UB is all about API specifications. The behavior for certain inputs is defined by the API spec, for others it is undefined.
This can apply to the language specification, std crate specification, or any other crate specification.
So UB is not about what the implementation of an API does, it's about what the specification guarantees. You can have UB in an API exported by a function without the function implementation encountering any UB in the lower level APIs that it in turn uses.
Rust has a special rule that only unsafe APIs should have undefined behavior. There is no mechanism enforcing this, so this is more of a "social" rule. We call APIs that break this rule "unsound". The language and std guarantee not to have such unsound APIs.
In fact, the document you cite is pretty clear about that: the list begins with a warning reading "The following list is not exhaustive," so your conclusion that it must be one of the items on the list does not follow from your otherwise reasonable analysis.
A good reminder, yes!
Though, the situation still remains interesting. transmute has safety precondition expressed as
Both the argument and the result must be valid at their given type.
If the precondition of transmute was fully satisfied, behavior would not be undefined; therefore, since UB is declared here, one of the two precondition parts fails.
It is clear that Discriminant<T> is valid since it is obtained through safe, presumably sound API. That generally means that bitwise-moved discriminant is not valid for primitive types! (Or that transmute does not list all assumptions, which is somewhat possible given it doesn't have "Safety" section at all.)

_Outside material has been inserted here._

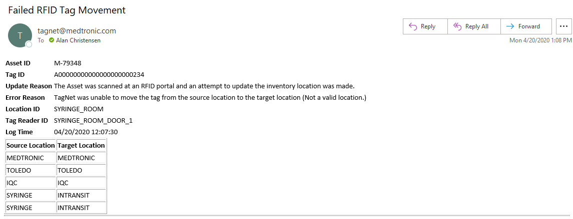 This inquiry is a diagnostic tool to monitor that the TagNet Level Relationships have been setup correctly to allow an IMOVE rule to take place (as a result of Asset Department change as above). In a dynamically changing location management environment whereas the location matrix is in flux, this could cause contention with IMOVE rules not current with the location matrix. This is more apparent when a level is introduced such as 'Dept' that introduces a logical ownership into the location matrix. They end result is that an existing inventoried tag could have been in a valid location, but when being evaluated for an IMOVE rule, the target location in the IMOVE may no longer exist because the departments have been realigned. An example of the resulting email alert showing error can be seen here.

in order to declare that transmuteing your struct is undefined, at least to consumers of your code, all you need to do is say so
I don't think that's right? If I wrote my function unsafe fn handle_my_struct(s: SecretBox) then I could indeed write whatever requirements to call it, and it would not be a breaking change to assume any of them. However, to make transmute UB I must fail its preconditions.

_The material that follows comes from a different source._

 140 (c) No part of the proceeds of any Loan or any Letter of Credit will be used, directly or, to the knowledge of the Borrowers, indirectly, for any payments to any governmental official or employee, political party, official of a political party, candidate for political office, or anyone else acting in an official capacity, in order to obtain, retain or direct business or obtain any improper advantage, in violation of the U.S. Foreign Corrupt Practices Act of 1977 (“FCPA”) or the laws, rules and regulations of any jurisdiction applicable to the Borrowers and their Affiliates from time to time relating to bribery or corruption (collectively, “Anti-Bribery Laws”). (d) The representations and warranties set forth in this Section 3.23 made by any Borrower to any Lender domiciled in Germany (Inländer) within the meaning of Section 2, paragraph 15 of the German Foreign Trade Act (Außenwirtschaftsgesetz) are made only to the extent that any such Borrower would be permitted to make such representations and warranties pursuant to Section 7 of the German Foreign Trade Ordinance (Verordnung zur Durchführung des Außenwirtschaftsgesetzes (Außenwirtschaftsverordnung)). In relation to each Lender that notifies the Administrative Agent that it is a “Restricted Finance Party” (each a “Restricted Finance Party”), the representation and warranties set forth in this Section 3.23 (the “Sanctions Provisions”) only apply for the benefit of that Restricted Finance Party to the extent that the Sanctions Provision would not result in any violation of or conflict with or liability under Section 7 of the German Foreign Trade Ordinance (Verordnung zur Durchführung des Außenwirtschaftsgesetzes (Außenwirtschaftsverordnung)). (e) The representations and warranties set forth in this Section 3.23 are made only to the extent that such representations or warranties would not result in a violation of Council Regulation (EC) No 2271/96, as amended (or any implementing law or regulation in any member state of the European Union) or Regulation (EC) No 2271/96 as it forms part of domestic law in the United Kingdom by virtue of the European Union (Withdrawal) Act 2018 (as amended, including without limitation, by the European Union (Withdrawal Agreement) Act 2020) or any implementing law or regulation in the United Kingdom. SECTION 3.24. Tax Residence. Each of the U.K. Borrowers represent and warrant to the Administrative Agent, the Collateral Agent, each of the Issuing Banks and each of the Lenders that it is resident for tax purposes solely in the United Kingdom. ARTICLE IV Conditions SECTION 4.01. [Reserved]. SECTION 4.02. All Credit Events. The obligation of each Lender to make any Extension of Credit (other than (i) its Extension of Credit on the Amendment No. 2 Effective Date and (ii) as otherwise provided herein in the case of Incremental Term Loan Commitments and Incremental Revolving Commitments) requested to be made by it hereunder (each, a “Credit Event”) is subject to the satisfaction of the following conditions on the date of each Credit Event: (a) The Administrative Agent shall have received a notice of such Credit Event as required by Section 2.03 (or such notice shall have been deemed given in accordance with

No, all it means is that it's not guaranteed to be. For example, it could contain padding or otherwise uninit bytes.
The difference here is between "language UB" and "library UB". Language UB is when you directly break a precondition of the language (like dereffing a null pointer). Library UB is when you break an invariant of a public API, or make your unsafe code rely on an undocumented and unpromised detail of it.
Library UB doesn't necessarily lead to language UB (just like transmute::<Discriminant, u64> might not be directly illegal), but it's still unsound to rely on it. That's because any change could break it, without warning or major version bump. So while the two are technically distinct, it's always best to treat them the same.